Старшой по ногам в легкую прошелся, по спине листьями дубовыми прошуршал.

— Ну, как? — спрашивает.

— Ты меня не щекочи, — я ему. — Коли за веник взялся, так уж поусердствуй.

— Ну, держись!

Из парной мы, точно гуси ошпаренные, выскочили да в сугроб с разбегу нырнули.

— Гляди, ребя! У меня под задницей снег тает! — смеется Кот.

— Ты себе муде не отморозь. — Кветан из сугроба выбрался, растерся, отряхнулся. — Аида обратно! Совет держать будем!

Из огня в полымя, да обратно в огонь — знатно кровь разогнали. Обмылись водою горячей, прогрелись, с парком легким поздравились. Из парной вышли, в предбаннике за стол сели, по ковшику бражки приняли, капусткой квашеной закусили и… просветлились. Хорошо!

— Значится, так, — старшой кулаком по столетие треснул, — в прошлом годе нас посадские на измор взяли. Они лбы здоровые, один Глушила чего стоит.

— Это кто таков? — спросил я.

— Молотобоец он с Подола, — кто-то из конюхов сказал. — Туговат на одно ухо, оттого так и прозывается.

— Так-то оно так, — Кот еще ковшик себе зачерпнул, — только у него кулак, что твоя голова.

— Ты на бражку не налегай, — строго сказал Кветан, — а то к игрищам спечешься.

— Я себя знаю, — ответил Кот, но ковшик в сторонку отставил.

— А на какое ухо туговат?

— На левое.

— Может, я его на себя возьму?

— Эка расхорохорился, ты после лихоманки-то своей оправился? — Кот с сомнением на меня взглянул.

— Ты за меня не боись, — расхрабрился я, то ли после бани силу почуял, то ли бражка на вчерашний заквас хорошо легла.

— А чего мне бояться? — пожал плечами Кот. — Ты его еще не видел, а уже бахвалишься.

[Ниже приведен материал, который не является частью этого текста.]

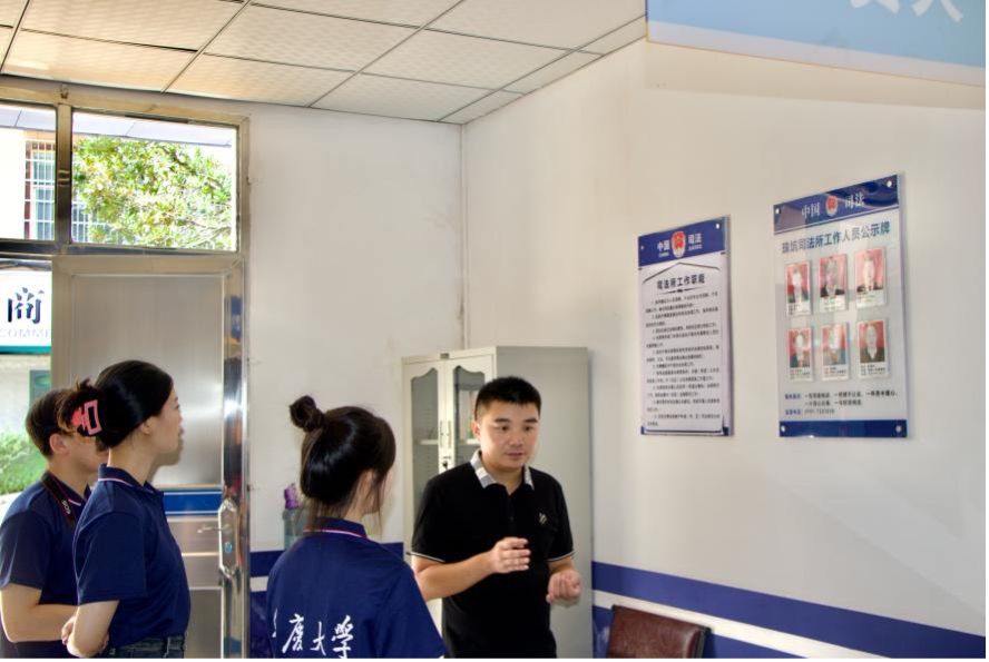 实践团成员在珠坑乡司法所所长于继邦的带领下参观司法所,对司法所的工作职能有了更深刻的了解。讲解过程中,于继邦重点介绍了村内深入推进的“法律明白人”培养工程。作为基层依法治理的“生力军”,“法律明白人”能够发挥人熟、地熟、事熟的优势,引导居民理性表达利益诉求,及时就地化解纠纷。

В этом он был прав. На прошлом Солнцевороте я на конюшне все праздники взаперти просидел. Опасался Свенельд, что сбежать могу, оттого из града не выпустил.

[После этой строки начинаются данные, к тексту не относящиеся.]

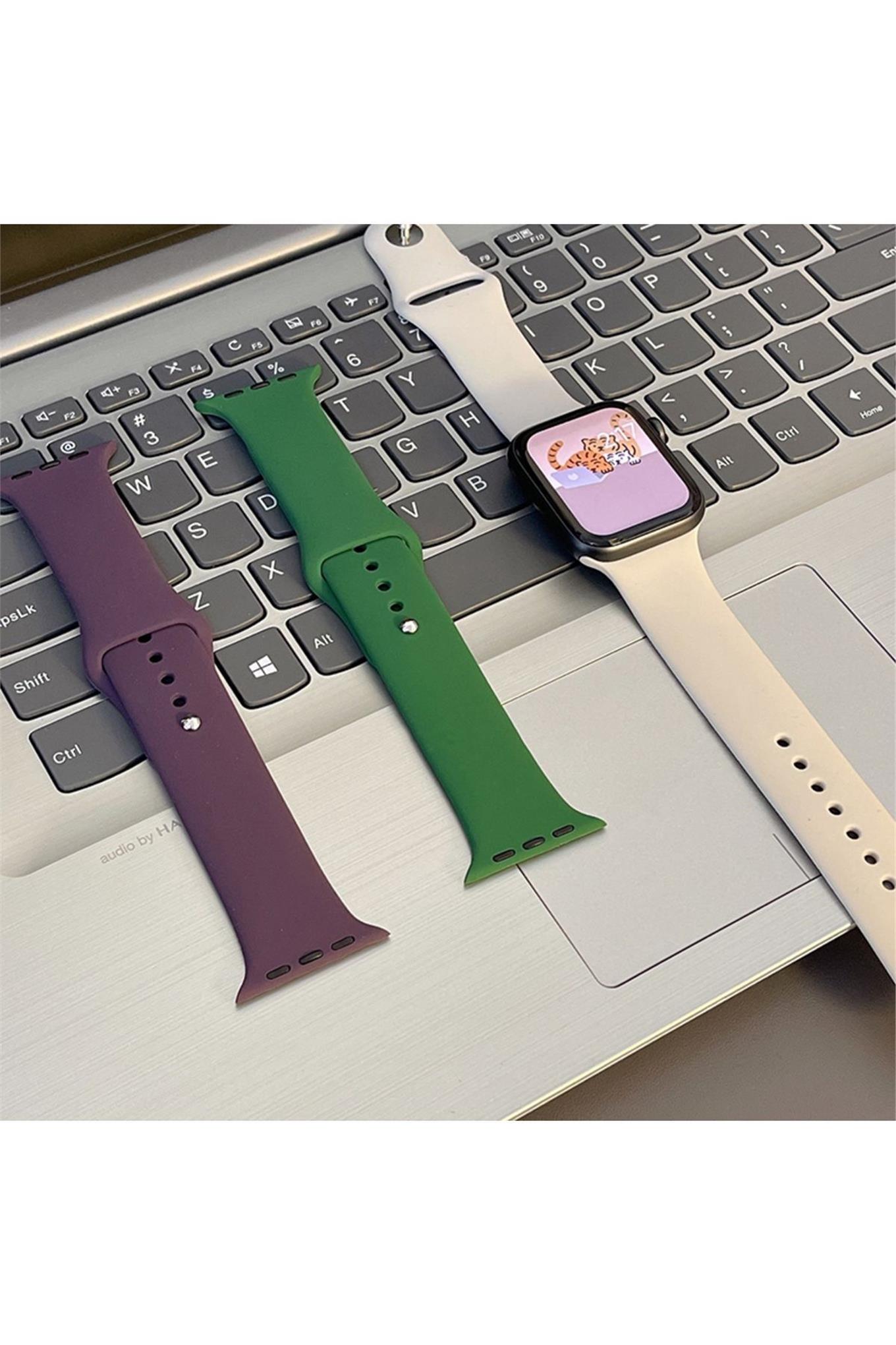Apple Watch Uyumlu Seri: 3/4/5/6/7/8/9/se 38-40-41mm Ve Seri10 (42MM) Kaliteli Spor Klasik Slikon

— Ладно, — кивнул Кветан, — с этим на месте разберемся, а пока слушайте, что я посадским в подарок придумал. — И мы к нему поближе придвинулись…

На крепком днепровском льду разворачивалось игрище. Девки хороводы водили, Сварога песнями славили, Коляду в путь неблизкий провожали, на парней поглядывали, женихов себе высматривали. А парни друг перед другом, да перед теми же девками красовались, удаль свою оказывали. Столб тут поставили, водой его облили, чтоб скольжее был, а на верхушку сапожки сафьяновые подвесили. Вот на этот столб парни и лазали.

Не давался парням обледенелый столб, до середки добирались и вниз скатывались. А вокруг народ шумит, ловкачей подбадривает. Огнищане со слобод, мастеровые с посадов, дружинники из града, все с женами да детишками малыми, с чадами и домочадцами. Народищу вокруг столба — не пропихнуться. А неподалеку козарские жители палатки развернули, сбитнем, медовухой, калачами и блинами приторговывают — и народу хорошо, и ворам [29] прибыль.

Здесь же и княгиня со Святославом и воеводой. Для них особо из снега курган холопы соорудили, чтоб лучше им было видно, что на игрище происходит. Ольга на санках сидит, точно собралась с горки прокатиться, только Свенельд рядом стоит да санки рукой придерживает. Переговариваются они меж собой, улыбаются. А кагану Святославу на месте не сидится. Он да мальцы киевские с кургана дорожку ледяную накатали да на мазанках [30] по ней съезжают. Хохочут, радуются. Визг у кургана, возня детская.

Меж тем у столба ледяного нешуточные страсти кипят. Ругаются парни, кулаками сапожкам подвешенным грозят, каждый хочет зазнобе своей гостинец праздничный подарить. Вот только не дается в руки подарочек.

— А ну расступись! — перекричал кто-то всех.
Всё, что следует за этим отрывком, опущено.